Positron emission tomography/computed tomography (PET/CT) has been explored as an alternative to or modality to be combined with MRI for the localization of corticotroph adenomas. 18Fluoro-deoxy-glucose PET/CT has a limited role in the diagnosis of CD, but corticotropin-releasing hormone (CRH) stimulation can increase its success rate [5]. 11C-methionine can permit more accurate localization of primary lesions [6]. PET/CT using the somatostatin analog 68gallium-DOTATOC (68Ga-DOTATOC) has shown good efficacy in the accurate localization and assessment of the functional status of neuroendocrine tumors (NETs), providing good resolution and spatial orientation. Although corticotropic adenomas express somatostatin receptors (SSTRs), the performance of 68Ga-DOTATOC PET/CT in assessing CD is not well-known [7].
In this study, we focused on the performance of 68Ga-DOTATOC PET/CT as a tool for localizing ACTH-secreting pituitary tumors and tried to determine the patients with CD who would be suitable candidates for the adjunctive use of 68Ga-DOTATOC PET scans.
Subjects
Thirty patients were enrolled in this retrospective study. The patients underwent surgical resection of the pituitary tumor through transsphenoidal adenomectomy (TSA) at Severance Hospital between 2015 and 2019 and had histologically proven CD with positive ACTH immunoreactivity. All patients underwent 68Ga-DOTATOC PET/CT and pituitary MRI before surgery. Bilateral inferior petrosal sinus sampling (BIPSS) was also attempted for all patients, but catheterization was failed in five cases.

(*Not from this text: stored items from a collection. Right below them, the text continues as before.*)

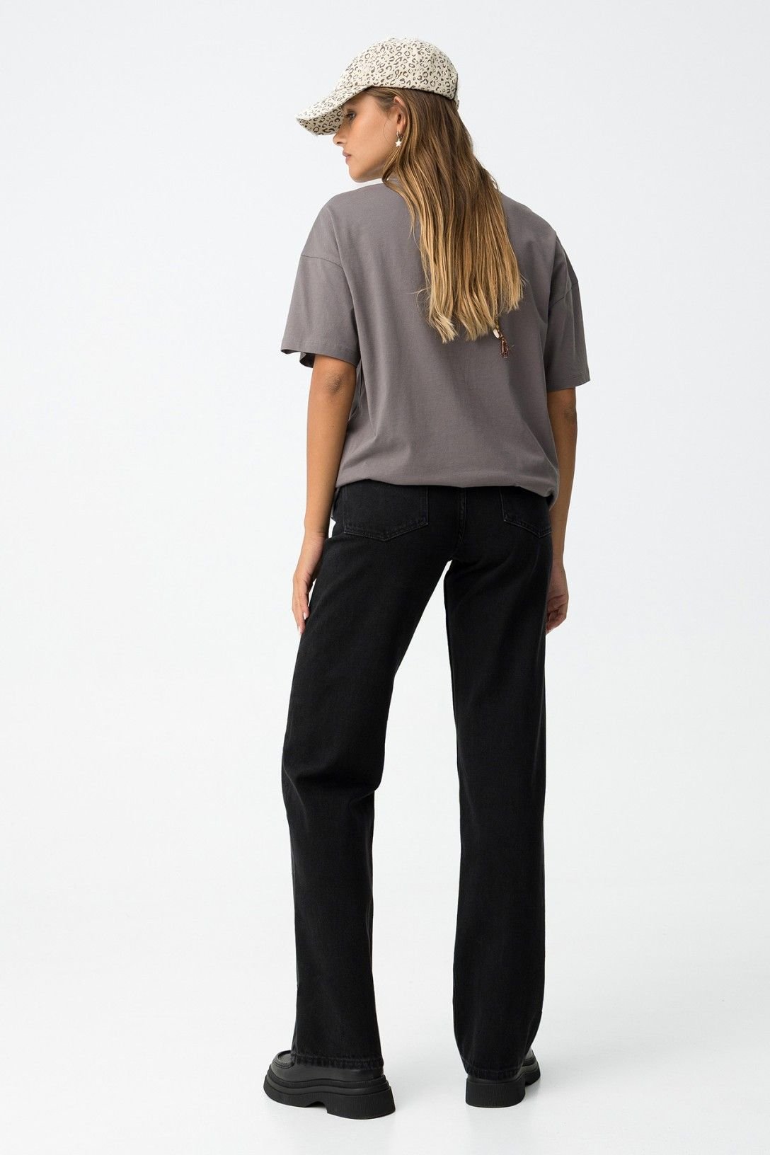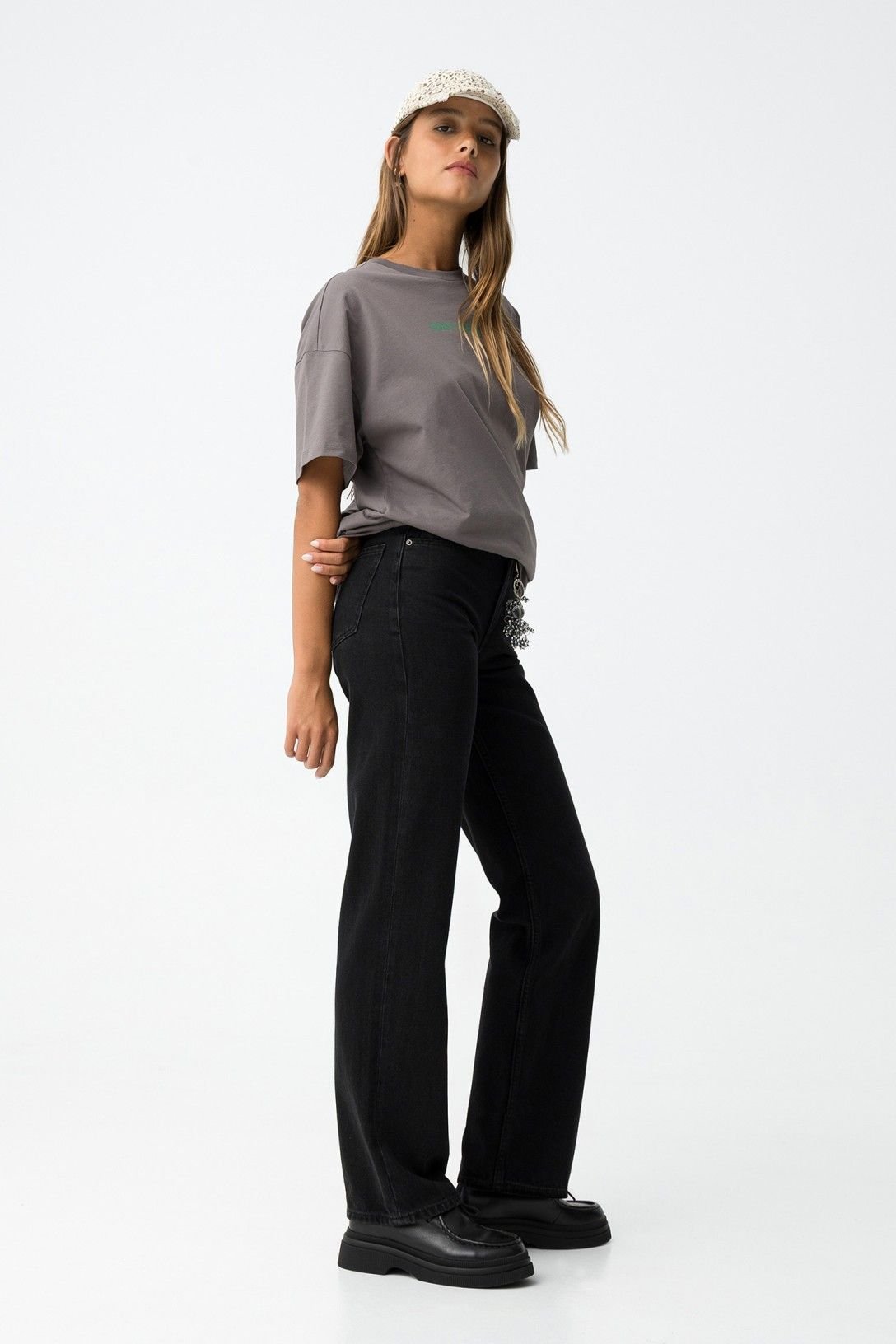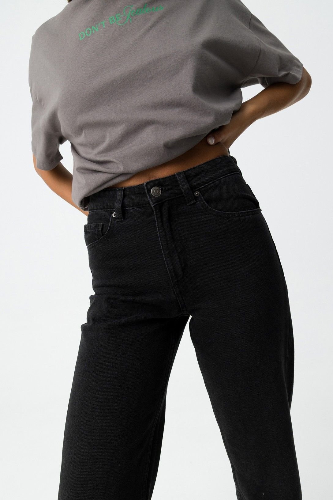 Jeans de cintura alta e perna reta com cinco bolsos. Fecho frontal de correr e botão metálico.
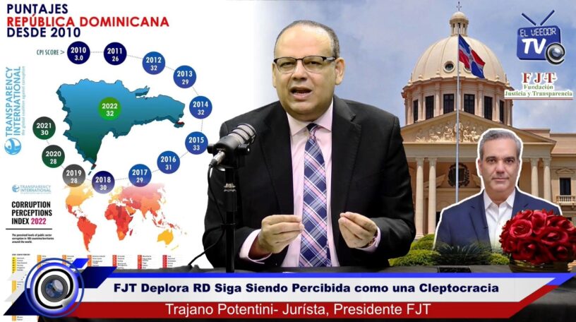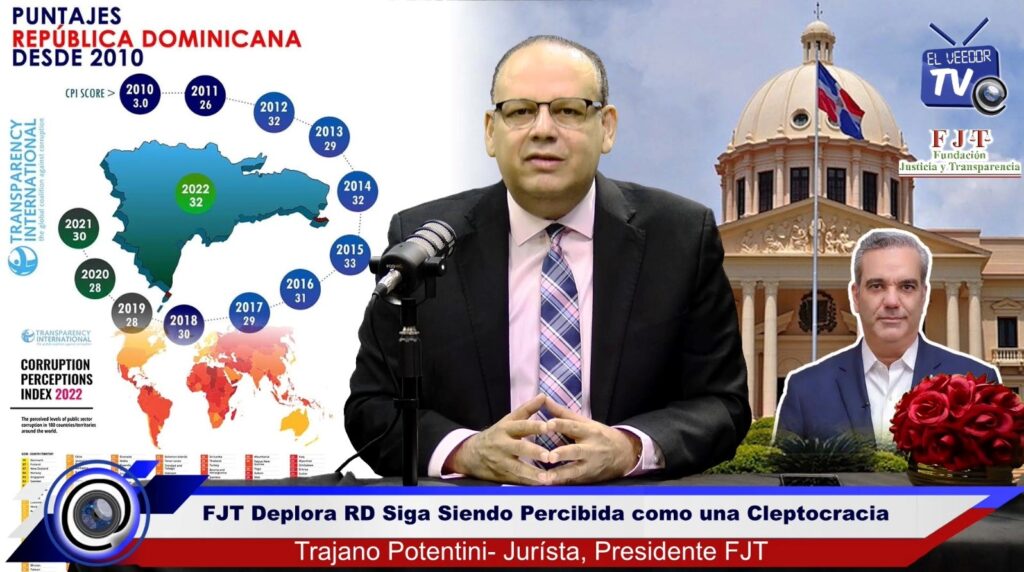 Santo Domingo, Rep. Dom., 1 de Febrero del 2023.- El presidente de la Fundación Justicia y Transparencia (FJT),Trajano Potentini, deploró que República Dominicana continúe siendo percibida como una especie de Cleptocracia a nivel internacional, caracterizada como una nación, donde prácticamente y de forma institucionalizada, se sustraen fondos y bienes públicos, por parte de las élites gubernamentales, predominando el tráfico de influencia, el clientelismo, nepotismo y lo peor aún, bajo el manto de la impunidad y complicidad de autoridades, políticos y empresarios.
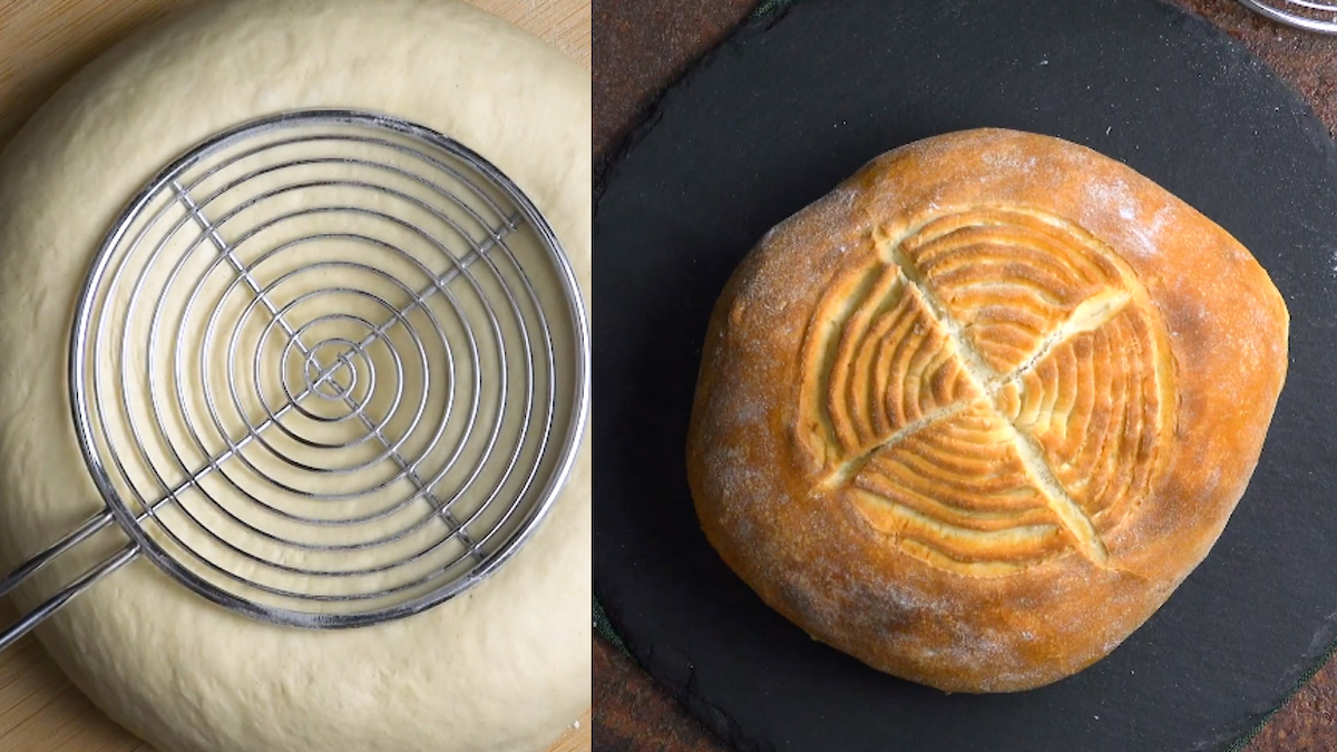 Forme den Teig zu einer Kugel. Bestäube eine Siebkelle mit Mehl und drücke sie mittig in den Teig. Schiebe das Brot in den vorgeheizten Backofen und backe es bei 250 °C Ober- und Unterhitze 15 Minuten an. Reduziere die Temperatur nach 15 Minuten auf 180 °C und backe es erneut für 30 Minuten. Mache am Ende den Klopftest – das Brot sollte hohl klingen.
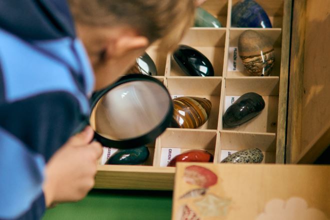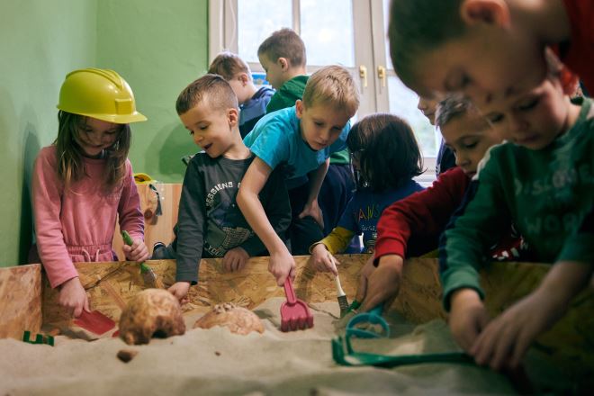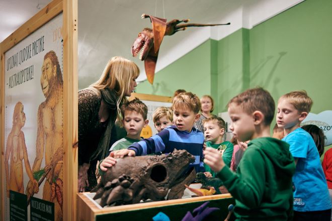 Tako mali posjetitelji izložbe mogu iskopavati replike fosilnih kostura u pješčaniku, primiti u ruke i proučiti originalne minerale, na interaktivan način povezati lubanje s licima naših predaka, zaviriti u kutije i ladice te otkriti različite fosile. Tu su i kosti dinosaura, impresivni 3D modeli prapovijesnog divovskog vretenca i letećeg gmaza i brojni drugi zanimljivi predmeti, a djeci iz krapinskog DV Gustav Krklec ponajviše se svidjela rekonstrukcija špilje u kojoj se mogu opustiti na krznenom naslonjaču i poslušati zvukove prirode kakvi su okruživali neandertalce.
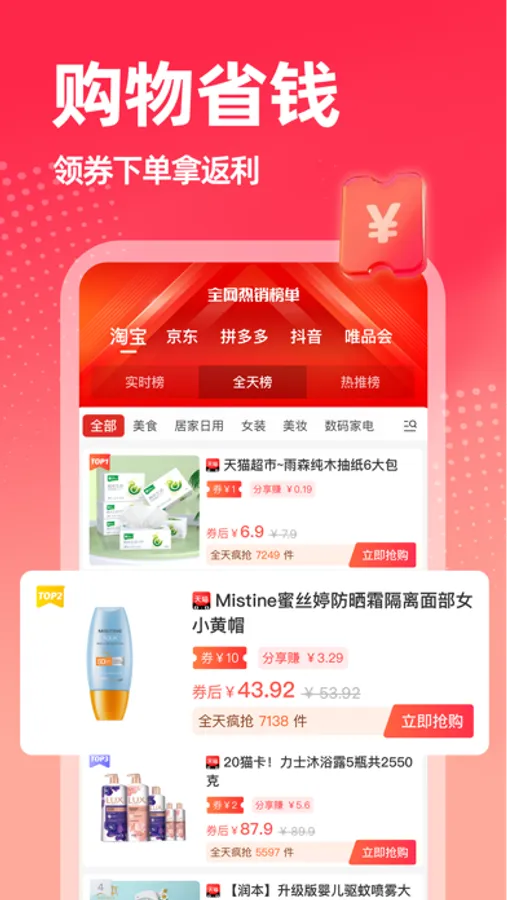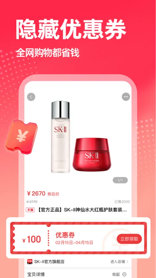 与淘宝、天猫、京东、拼多多、唯品会、抖音、快手等全网知名电商合作,一站式整合海量隐藏优惠券,千万人都在用的网购省钱利器
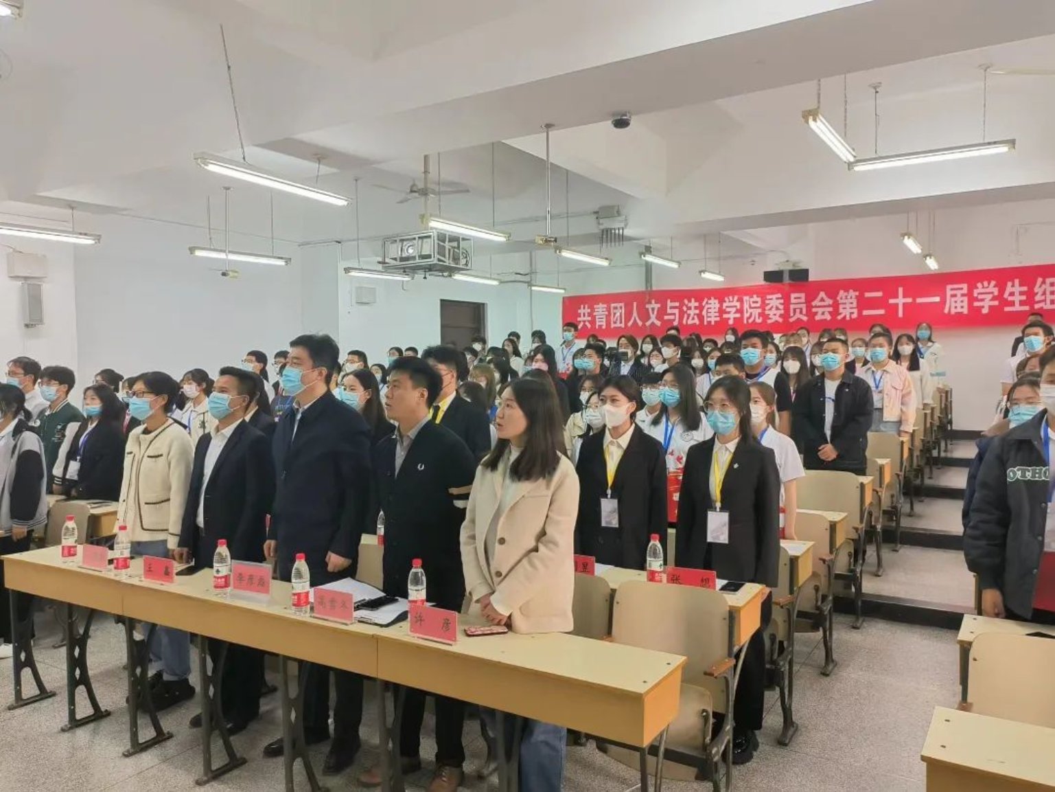 同学们身着会服到达会场。在会议开始前,全体成员在七教阶梯前合影留念,一个个青春洋溢的笑脸定格在画面中。随着嘹亮的《义勇军进行曲》响起,与会人员唱起国歌,心中的信念也愈发坚定。
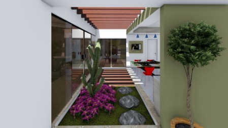 Um jardim interno leva iluminação e ventilação natural para sala, cozinha e espação gourmet
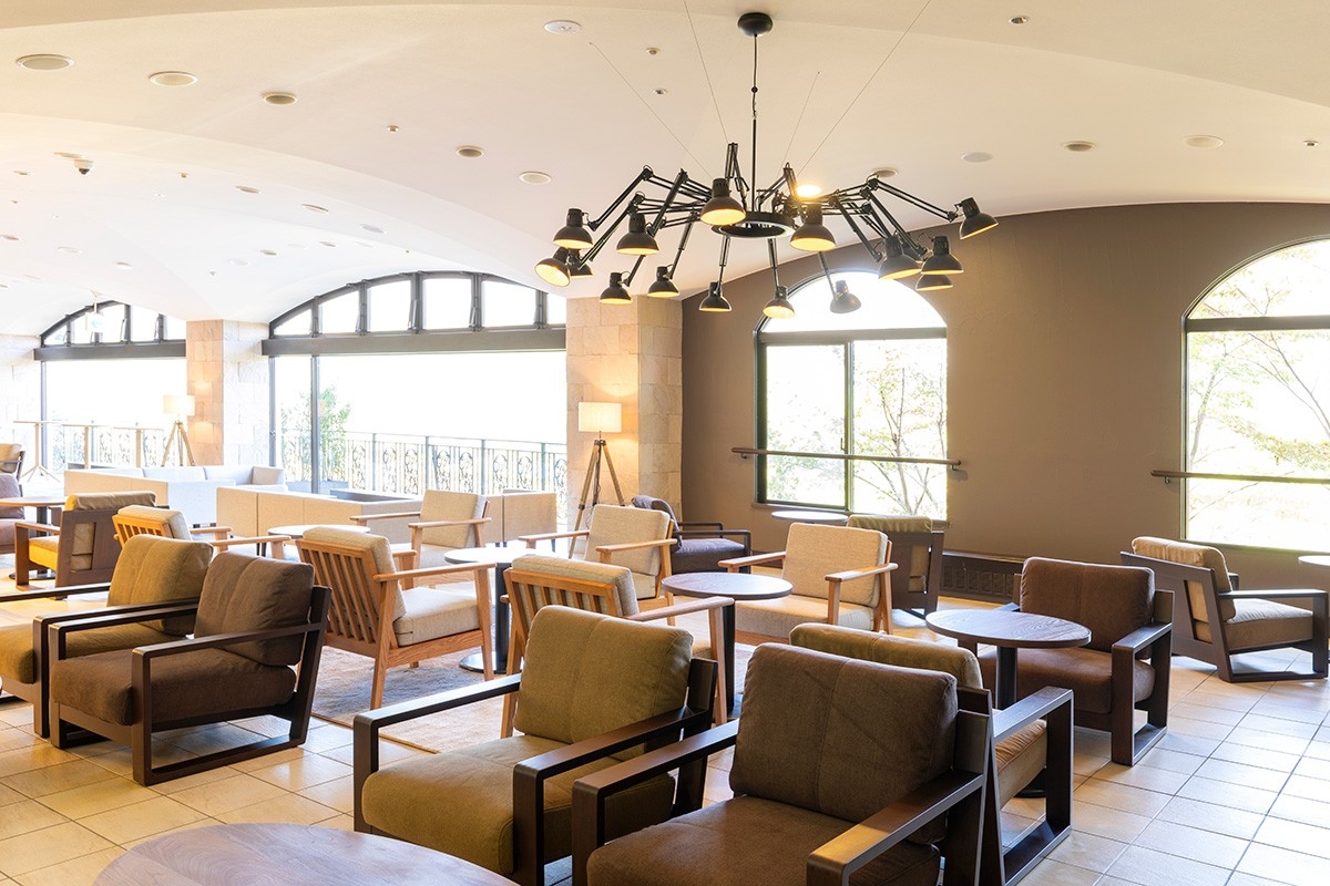 ラウンジには暖炉を設け、大きな窓からは美しい箱根の眺望を望むことができ、ゆったりとソファでおくつろぎいただけます。目の前に広がる空と緑を全身で感じたり、炎の揺らめきを眺めてリラックスしたり、思い思いの贅沢な時間をお過ごしください。
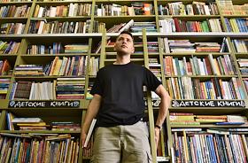 Фотопроект о детях августа 1991. Выпускник факультета социальных наук РГПУ имени А.Герцена Дмитрий Николюк перед книжным стеллажом магазина "Подписные издания"
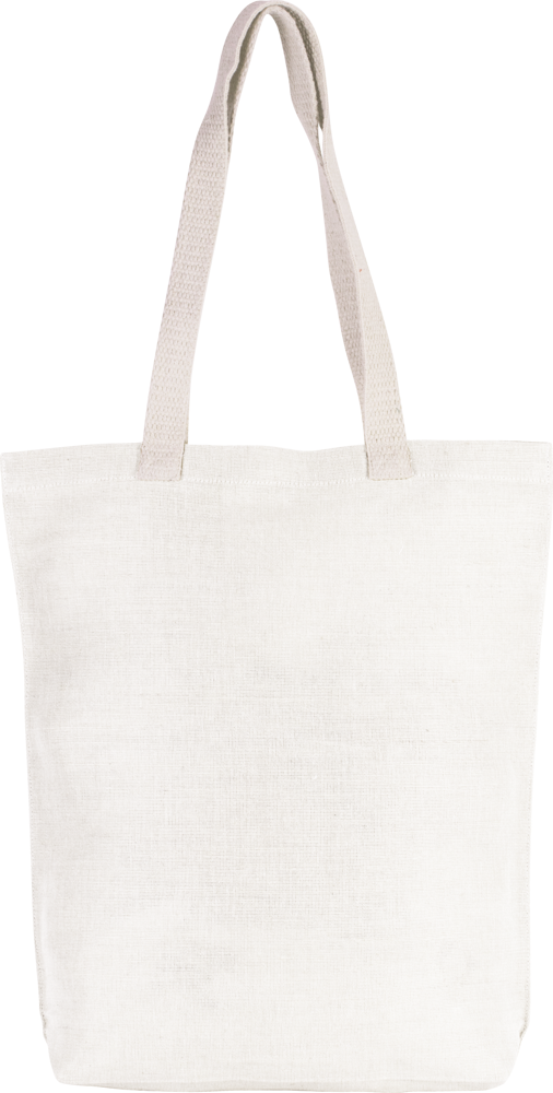 Shopper in tela di juta e cotone (juco), con soffietto e manici da 70 cm in cotone di colore Ecru.
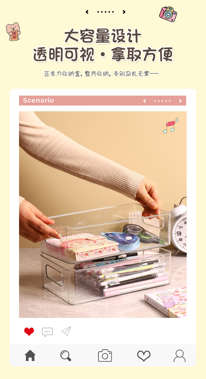 데스크탑 냉장고 수납함 투명 PET 손잡이 수납 바구니 가정용 신선한 수납 선반 문구류 수납함 책상스토어 가기

The disease diagnosis was based on international criteria [4]. None of the patients were taking glucocorticoids. Moreover, the final diagnosis was confirmed using surgical pathology and clinical follow-up.
The data were collected under the conditions of regular clinical care with the approval of the Institutional Review Board of Yonsei University Health System, Severance Hospital, and the requirement for written informed consent was waived owing to our study’s retrospective design (IRB No.4-2020-0414).
Hormonal assessment
Basal plasma cortisol and ACTH levels were measured at 8:00 AM before surgery. The ACTH levels were measured using an electrochemiluminescence immunoassay (Roche Diagnostics, Mannheim, Germany). Cortisol levels and 24-hour urine free cortisol (UFC) were measured by chemiluminescence immunoassay (Beckman Coulter Inc., Brea, CA, USA).
An 8:00 AM plasma cortisol concentration higher than 1.8 µg/dL, after 1 mg dexamethasone had been administered at midnight, was considered a positive result in the overnight dexamethasone suppression test (ON DST) [4,8]. Moreover, a plasma cortisol level reduced by less than 50% of the original level after 6-hourly 2 mg dexamethasone had been administered for 2 days was considered as suppression in the high-dose dexamethasone suppression test (HD DST) [8].
68Ga-DOTATOC PET/CT protocol
Approximately 122 MBq (3.3 mCi) of 68Ga-DOTATOC was administered intravenously. Sixty minutes after intravenous injection of 68Ga-DOTATOC, scanning was performed using a dedicated PET/CT scanner (Discovery 600, General Electric Medical Systems, Milwaukee, WI, USA) with a spiral CT scan for attenuation correction with a 0.5 second rotation time at 60 mA, 120 kVp, and 5.0 mm section thickness. PET scan of the head were then acquired for 3 minutes per bed position in the three-dimensional mode. The PET images were reconstructed using an ordered-subset expectation-maximization algorithm (two iterations and 16 subsets) with attenuation, random, scatter, and decay corrections. The PET/CT images were reviewed and analyzed by two nuclear medicine physicians based on a consensus.
68Ga-DOTATOC PET/CT interpretation
The PET/CT images were visually evaluated by two experienced specialists independently in the Department of Nuclear Medicine (Dongwoo Kim, with 5 years of experience; Eung-Hyuck Cho with over 10 years of experience). Each specialist independently interpreted the 68Ga-DOTATOC PET images twice, with a 2-week interval between readings to minimize recall bias. The images were presented in a randomized order, and specialists were blinded to clinical and other imaging data. The interpretation was based on a visual assessment of uptake patterns, where regions of increased or decreased tracer uptake relative to the surrounding background tissue were considered abnormal. In case of disagreement, the two readers reached a consensus again and presented the result.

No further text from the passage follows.